* EXERCISE DIRECTIONS
What are the lines, word for word, from the line with "छात्रों ने अपने" up to and including the line with "Wohnzimmer (Schlafcouch zum" in the records below? Omit the pictures.

* TASK INPUT
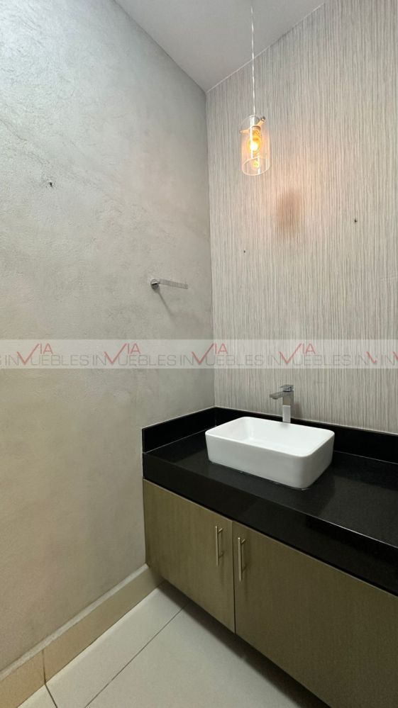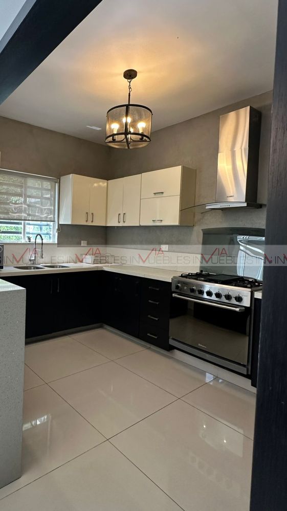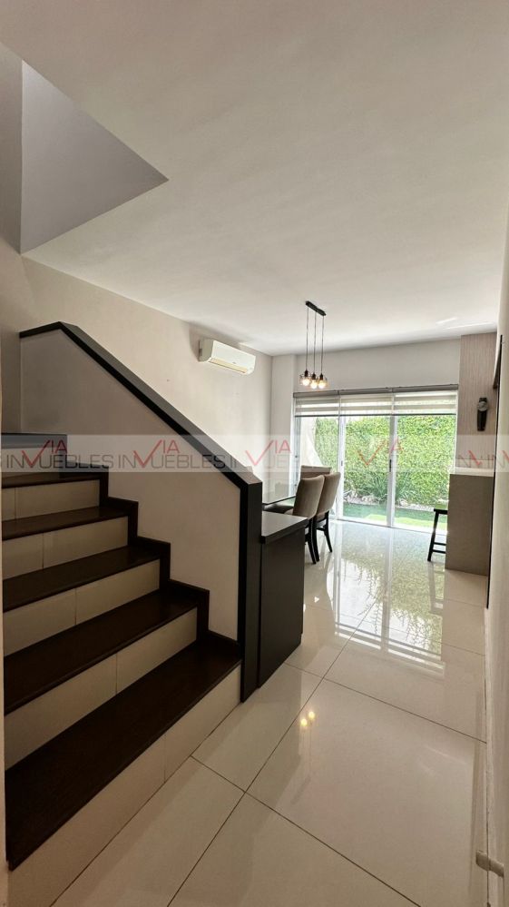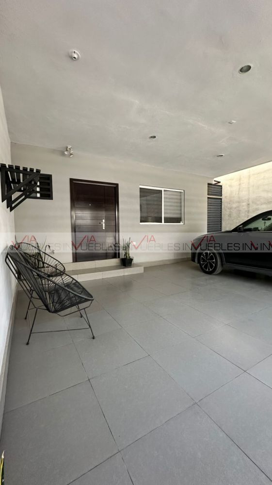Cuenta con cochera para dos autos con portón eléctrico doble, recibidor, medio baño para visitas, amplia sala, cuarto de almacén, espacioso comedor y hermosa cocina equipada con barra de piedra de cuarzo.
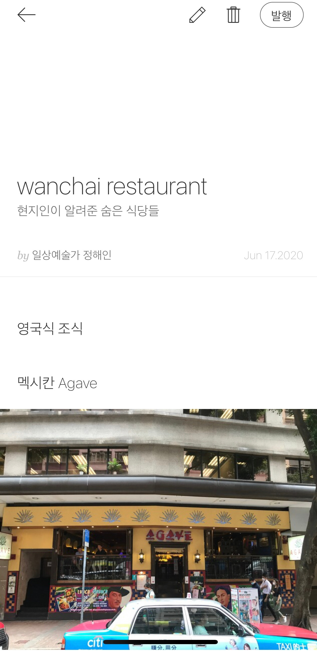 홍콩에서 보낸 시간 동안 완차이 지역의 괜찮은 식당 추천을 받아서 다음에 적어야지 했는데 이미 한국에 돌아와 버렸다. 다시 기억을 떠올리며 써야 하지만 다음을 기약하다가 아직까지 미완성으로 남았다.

--

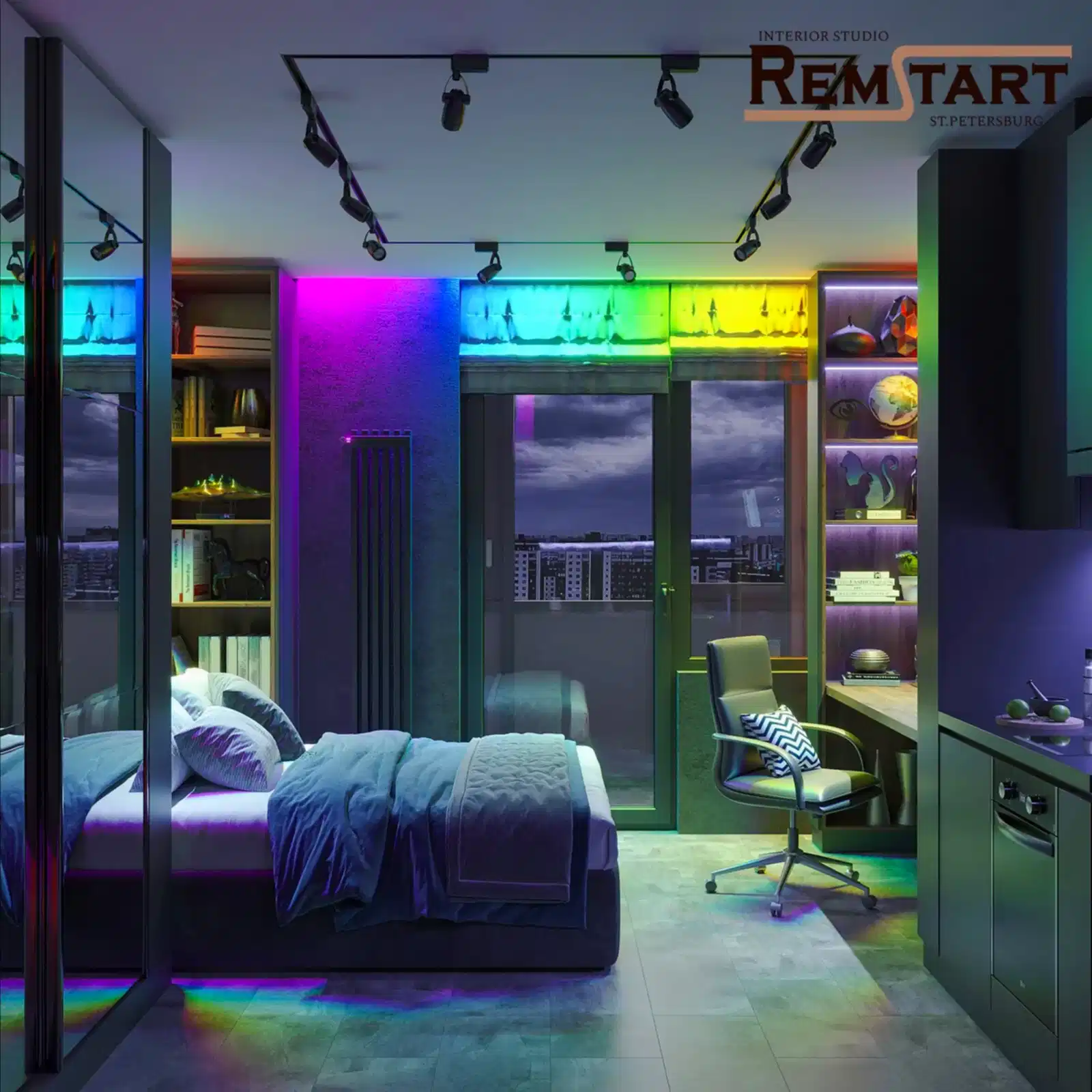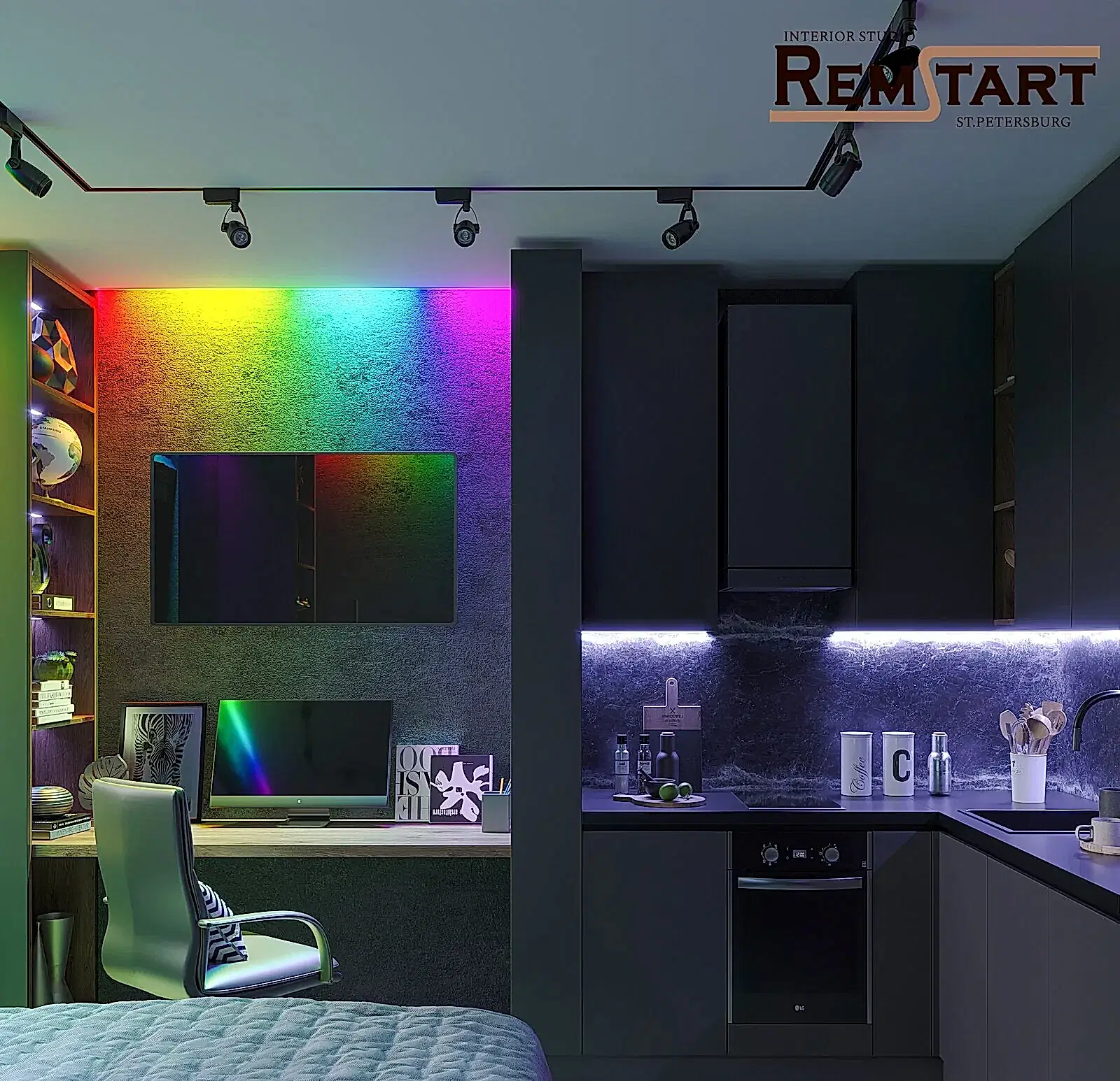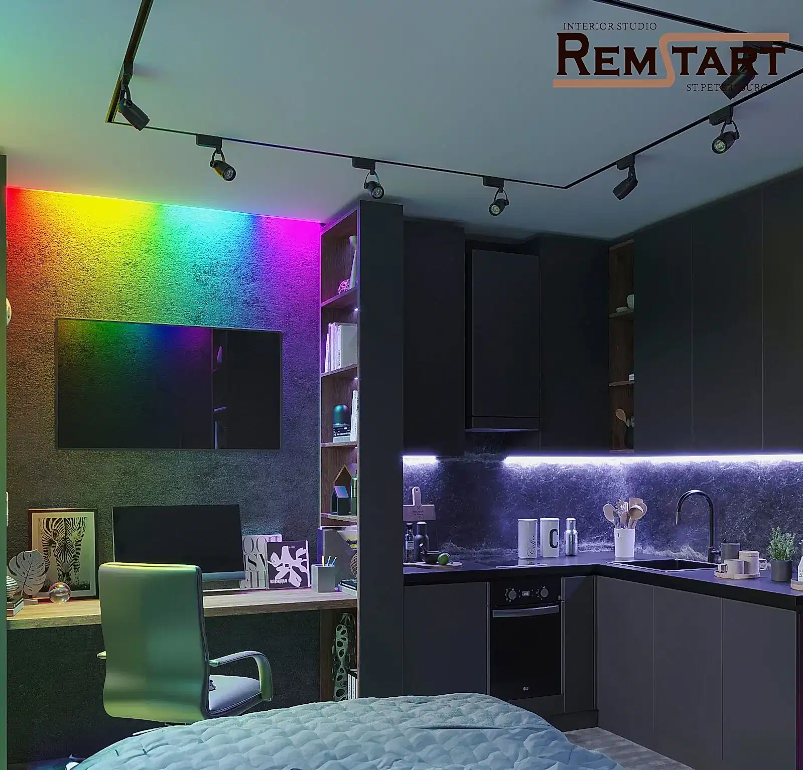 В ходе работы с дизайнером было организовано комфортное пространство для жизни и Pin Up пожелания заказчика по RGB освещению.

==

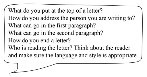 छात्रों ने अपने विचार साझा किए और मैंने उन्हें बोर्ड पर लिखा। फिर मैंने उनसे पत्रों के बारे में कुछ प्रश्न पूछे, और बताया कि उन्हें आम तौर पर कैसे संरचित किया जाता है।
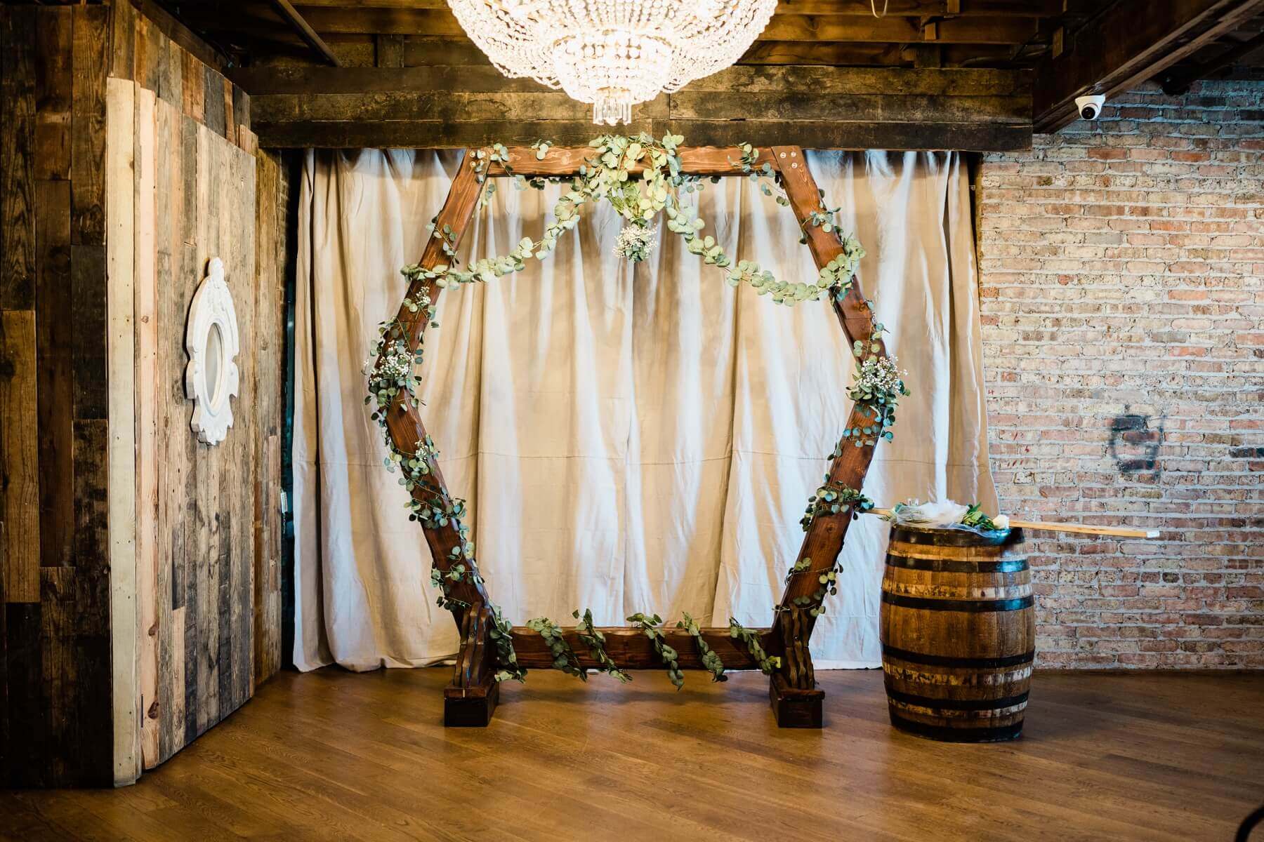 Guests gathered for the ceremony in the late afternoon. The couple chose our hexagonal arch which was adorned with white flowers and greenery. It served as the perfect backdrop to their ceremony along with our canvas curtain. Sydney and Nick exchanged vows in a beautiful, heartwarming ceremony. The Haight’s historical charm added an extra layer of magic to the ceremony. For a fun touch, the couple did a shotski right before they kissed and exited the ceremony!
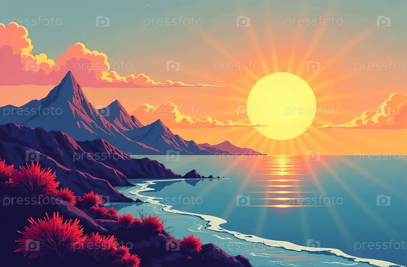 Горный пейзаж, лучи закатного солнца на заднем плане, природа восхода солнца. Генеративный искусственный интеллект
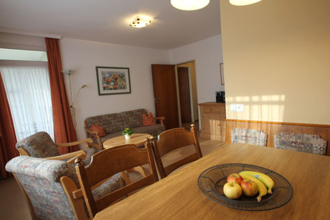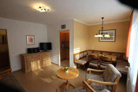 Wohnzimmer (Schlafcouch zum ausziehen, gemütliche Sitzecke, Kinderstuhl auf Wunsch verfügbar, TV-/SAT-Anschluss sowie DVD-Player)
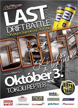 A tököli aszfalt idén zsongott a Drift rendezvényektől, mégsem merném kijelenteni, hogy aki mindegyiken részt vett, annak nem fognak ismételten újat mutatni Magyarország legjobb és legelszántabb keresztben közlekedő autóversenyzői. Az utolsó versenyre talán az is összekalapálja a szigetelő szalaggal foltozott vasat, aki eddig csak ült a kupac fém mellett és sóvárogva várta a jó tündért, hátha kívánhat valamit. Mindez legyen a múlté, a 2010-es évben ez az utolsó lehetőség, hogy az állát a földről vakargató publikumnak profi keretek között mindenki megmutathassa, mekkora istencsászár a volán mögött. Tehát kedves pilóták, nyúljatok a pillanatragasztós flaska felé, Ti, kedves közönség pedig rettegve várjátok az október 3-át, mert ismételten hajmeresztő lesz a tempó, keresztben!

* SOLUTION FOR THIS PROBLEM
 छात्रों ने अपने विचार साझा किए और मैंने उन्हें बोर्ड पर लिखा। फिर मैंने उनसे पत्रों के बारे में कुछ प्रश्न पूछे, और बताया कि उन्हें आम तौर पर कैसे संरचित किया जाता है।
 Guests gathered for the ceremony in the late afternoon. The couple chose our hexagonal arch which was adorned with white flowers and greenery. It served as the perfect backdrop to their ceremony along with our canvas curtain. Sydney and Nick exchanged vows in a beautiful, heartwarming ceremony. The Haight’s historical charm added an extra layer of magic to the ceremony. For a fun touch, the couple did a shotski right before they kissed and exited the ceremony!
 Горный пейзаж, лучи закатного солнца на заднем плане, природа восхода солнца. Генеративный искусственный интеллект
 Wohnzimmer (Schlafcouch zum ausziehen, gemütliche Sitzecke, Kinderstuhl auf Wunsch verfügbar, TV-/SAT-Anschluss sowie DVD-Player)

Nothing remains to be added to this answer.